The other day I the mailman delivered 3 more sweet additions to my Pickle Fork collection. These came from Pawpaw Sailor, and as per every one of his that I have, were perfect in every way. I had talked to Pawpaw some time ago about making a couple of his designs in HDPE so that I wouldn't have to worry about a lapse of concentration and getting a fork hit, possibly breaking the slingshot...this stuff is tuff. Once he got the materials in, we messaged back and forth about which ones I wanted. I decided on the MKII and the Model D, both of which I love to shoot. This is what I got in the mail:









Not only did he send the 2 that I ordered, but he generously added the white Pocket Dolphin. (Perry, Thank you very much) Originally, I didn't think I would like the bigger model of PFS, but after holding and shooting this one, I'm thinking this may become an everyday carry. It is big enough for stronger bands or tubes and fills the hand enough to be comfortable with them.























Now all I have to do is find time so shoot them more.

Todd


----------



## lightgeoduck (Apr 3, 2011)

Excellent write up, Todd.

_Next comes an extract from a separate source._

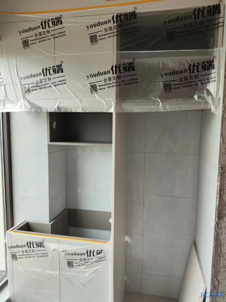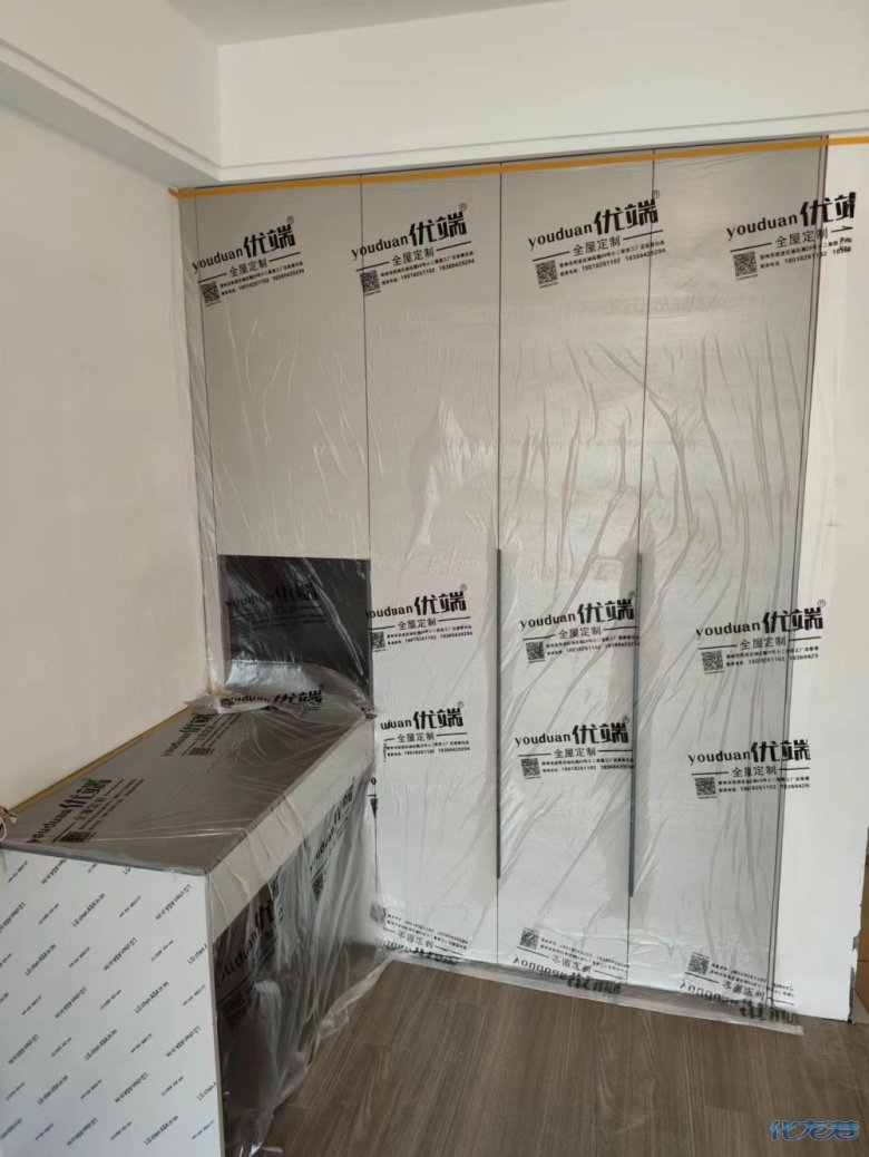 安裝完成的柜子都用塑料膜保護(hù)起來了

Those are sure some fine looking shooters you got there.

Grats

LGD


----------



## GrayWolf (May 14, 2012)

LGD...thank you, sir. I do like these little shooters....I'm not very good with them, but that just makes me want to shoot them more.

Todd


----------



## Jakerock (Mar 8, 2012)

Good times (X3)!


----------



## tnflipper52 (Jan 26, 2012)

Three's a charm and those are charming Todd. Looks like a lot of practice in your future. Lovin' every minute of it betcha. And Perry's graciousness, well, that is a class act. Thanks to all envolved.


----------